Le nouveau décret n'a pas modifié fondamentalement les procédures d'introduction des projets d'assainissement. Il a par ailleurs introduit de nouvelles procédures identifiées et détaillées dans cet article.


Le délai dans lequel le dépôt du projet d'assainissement  doit être introduit est fixé par l'administration dans sa décision sur l'étude de caractérisation (art. 50 al.5). Il doit être accompagné, lors de son introduction, de la preuve du paiement d'un droit de dossier de 250 euros. L'article 58 énumère de manière exhaustive le contenu du projet d'assainissement, celui-ci étant accompagné d'une notice d'évaluation des incidences sur l'environnement et d'un résumé non technique des données du projet.

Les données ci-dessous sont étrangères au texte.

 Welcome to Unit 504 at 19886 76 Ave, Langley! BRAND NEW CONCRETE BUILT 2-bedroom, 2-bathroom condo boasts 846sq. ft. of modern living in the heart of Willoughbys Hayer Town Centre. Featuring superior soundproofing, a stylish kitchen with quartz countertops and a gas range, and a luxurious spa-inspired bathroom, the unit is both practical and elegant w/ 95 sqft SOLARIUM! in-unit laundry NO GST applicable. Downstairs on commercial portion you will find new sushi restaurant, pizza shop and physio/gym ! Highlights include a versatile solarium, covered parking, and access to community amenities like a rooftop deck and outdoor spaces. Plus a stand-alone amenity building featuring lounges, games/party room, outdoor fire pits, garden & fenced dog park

L'administration dispose de 30 jours pour statuer sur le caractère complet et recevable du projet d'assainissement à dater du jour de sa réception, et de 120 jours pour statuer sur le projet à partir du jour où elle a envoyé sa décision sur le caractère recevable. Si l'administration ne s'est pas prononcée dans le délai qui lui est imparti, le projet d'assainissement est censé être refusé. L'absence de décision ouvre le droit dans le chef du demandeur à une indemnité forfaitaire de 2.500 euros. Un recours suspensif de cette décision est ouvert aux titulaires des obligations (art. 77).

L'approbation du projet d'assainissement vaut permis d'environnement, permis d'urbanisme, permis unique ou déclaration.

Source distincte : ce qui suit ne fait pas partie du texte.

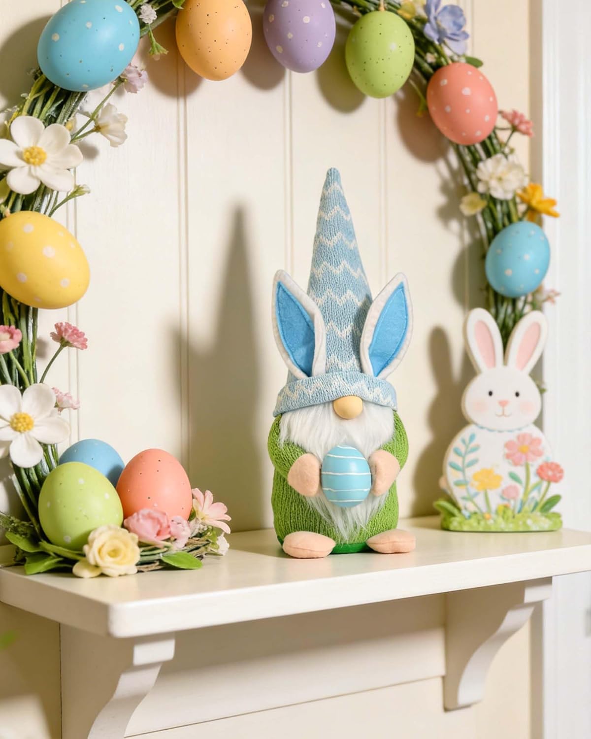 Easter Decorations Indoor – In folklore, the Easter Bunny gnome brings good luck to families. Add festive charm to your home with these adorable Swedish tomtes. Perfect for decorating tiered trays, desks, tables, sofas, shelves, and more.

Dès lors, une disposition relative à la péremption de l'approbation du projet d'assainissement a été introduite. En effet, les règles de péremption conçues pour les permis précités ne pouvaient, en toute hypothèse, trouver à s'appliquer dans le cas particulier des projets d'assainissement qui peuvent ne pas être mis en oeuvre rapidement et qui peuvent, par ailleurs, s'étendre sur un délai relativement long compte tenu de l'ampleur des actes et travaux à réaliser et de leur phasage éventuel. En conséquence, il est prévu un régime relativement souple de péremption (art. 67, alinéa 2), l'approbation du projet d'assainissement ne se périmant que pour la partie restante des actes et travaux d'assainissement non exécutés que si ceux-ci n'ont pas été exécutés dans les deux ans qui suivent la date à laquelle ils devaient l'être.

En principe, un projet d'assainissement n'est pas, en tant que tel, soumis à étude d'incidences sur l'environnement par l'arrêté du Gouvernement du 4 juillet 2002 arrêtant la liste des projets soumis à étude d'incidences, mais il peut impliquer la mise en oeuvre d'un projet soumis à étude d'incidences.

Nouveauté :
Dans le cas où il n'y a pas étude d'incidences, une phase de participation du public sous la forme d'une annonce de projet est organisée par la ou les communes concernées. Sinon, une enquête publique est organisée selon les modalités du Code de l'environnement.

À l'issue des actes et travaux d'assainissement, une évaluation finale  est adressée par l'expert ayant établi le projet d'assainissement et procédé à la surveillance des actes et travaux d'assainissement (art. 71). Elle est adressée à l'administration dans les soixante jours à dater de la fin des actes et travaux d'assainissement, et doit être accompagnée, lors de son introduction, de la preuve du paiement d'un droit de dossier de 250 euros.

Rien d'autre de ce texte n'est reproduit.